February 1968, I began my career with the Pennsylvania Department of Highways later to become the Pennsylvania Department of Transportation. Here is where I first started working with the Burroughs Computers. By having the computer punched cards processed by a machine called an interpreter I was able to read them. This machine reads the card punches and types the character near the top. I would do this process two or three times making the print very dark. I would also request all printed output on carbon copied paper. The second copy was always dark. This allowed me to be able to read the program listings as well as locating cards that needed corrections.
As time went by technology improved as my sight simultaneously decreased.

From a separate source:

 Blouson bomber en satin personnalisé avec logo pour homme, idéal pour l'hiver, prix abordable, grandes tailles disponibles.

In the mid 1970s I acquired a full size close circuit television system that had a magnifying lens. With this I could read listings and some cards when necessary.
As upgrades to the computer were made a computer terminal called a CONRAC replaced the Teletype unit used by the computer operators at the main console. One of the Burroughs' field engineers discovered that he could greatly increase the height and width of the displayed characters. He could also change the contrast of the display to bright white letters on a total black background. I was able to utilize this terminal for many years. Finally in 1981 the decision to convert from Burroughs to IBM computers was made. This modified CONRAC was not compatible with the new IBM computers.

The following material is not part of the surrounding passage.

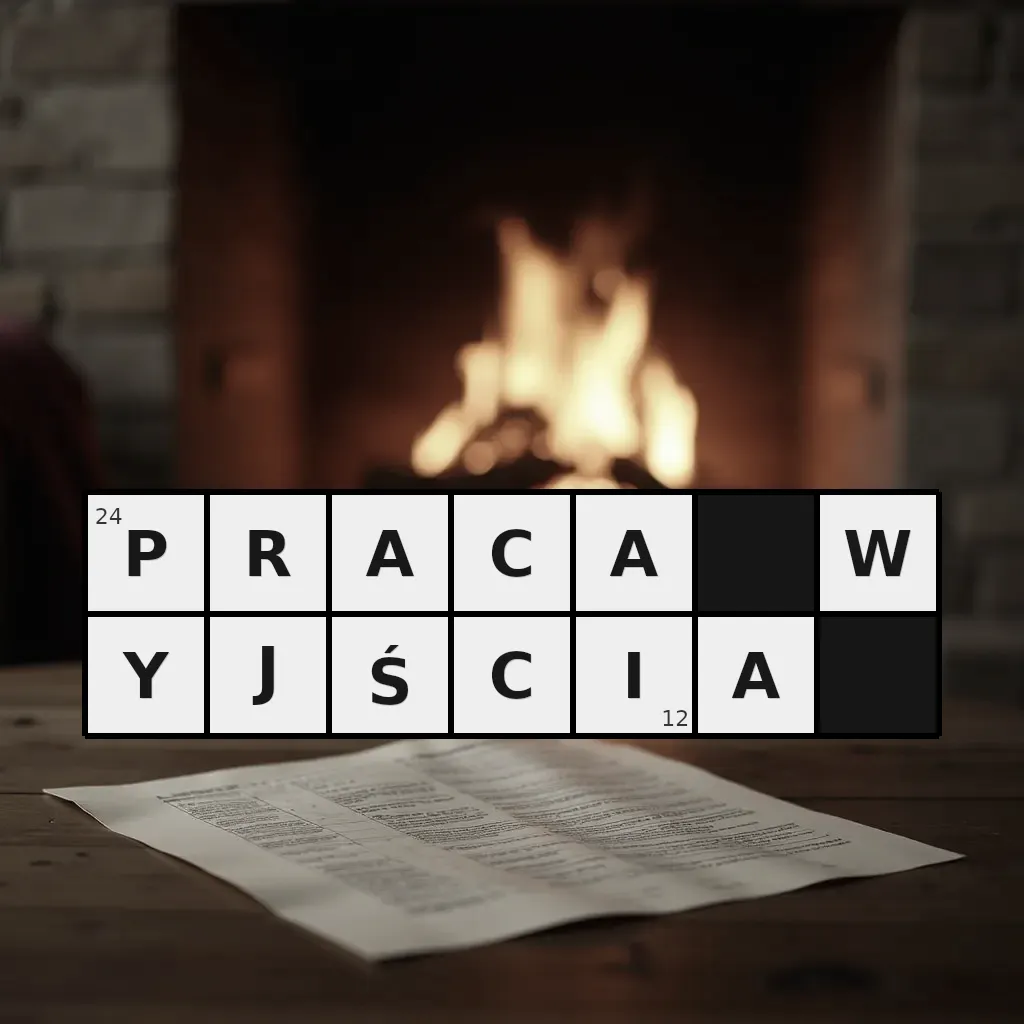 Słowo „praca wyjścia” ma 12 znaków (bez spacji i łączników).

Unfortunately there was not enough contrast with the new IBM terminals to allow me to see the text. I became fearful that I could no longer work in this environment.

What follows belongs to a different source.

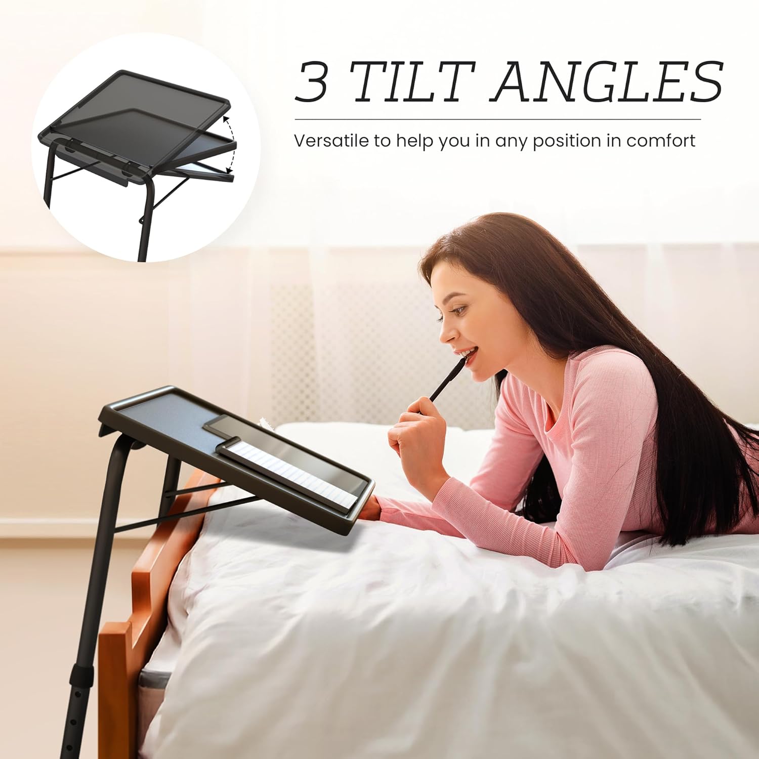 Adjustable TV Tray Table – 6 Height & 3 Tilt Angle Settings
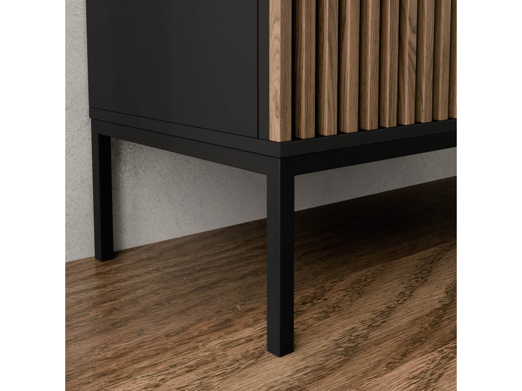 Konstrukce vitríny je vyrobena z odolné desky o tloušťce 16 mm, která zaručuje pevnost a dlouhou životnost. Stabilitu podporují kovové nohy o výšce 20 cm, které zároveň dodávají nábytku lehkost a moderní vzhled.

It was around this time that Maryland Computer Systems was developing a talking computer. This unit was built from a HP computer and was called ITS, Information Through Speech. Now another problem, like the CONRAC, ITS could not interface with an IBM computer.
I found a company in Boston called Industrial Computer Control. They were developing a converter that would make the HP computer function as an IBM terminal.
The converter cost $9,000 and ITS was $6,000. Success, I was the first person to have a talking terminal on an IBM mainframe computer. (See picture above. )
When all the bugs were worked out a press release was sent to the local papers. This story also was sent to wire services across the country as well as international.
I started receiving telephone calls from around the world. I had some long and interesting calls from England, Ireland, Canada as well as many from around the country.
I ended up giving many demonstrations of this new technology to other employers and caseworkers of blind clients.
Some of the phone calls were very interesting, although one particularly upset me. A woman called from Bell of Michigan. She informed me that she was reading a newspaper article about my talking computer. She went on to ask if I would like to move to Michigan and work for her. She then said "we have many government contracts and must hire some disabled people. It would be nice to hire someone who can do something." This upset me so much that I found myself speechless. If I remember correctly, I slammed down the phone.
Another call that was very interesting was from a man asking some very detailed questions. He went on to tell me that they were thinking of purchasing one hundred units. I asked him if they were hiring, it sounded like a great place to work. He went on telling me "No, they are not." He explained that they have a lot of people in a warehouse that can't read. He thought that these talking computers could solve their problem.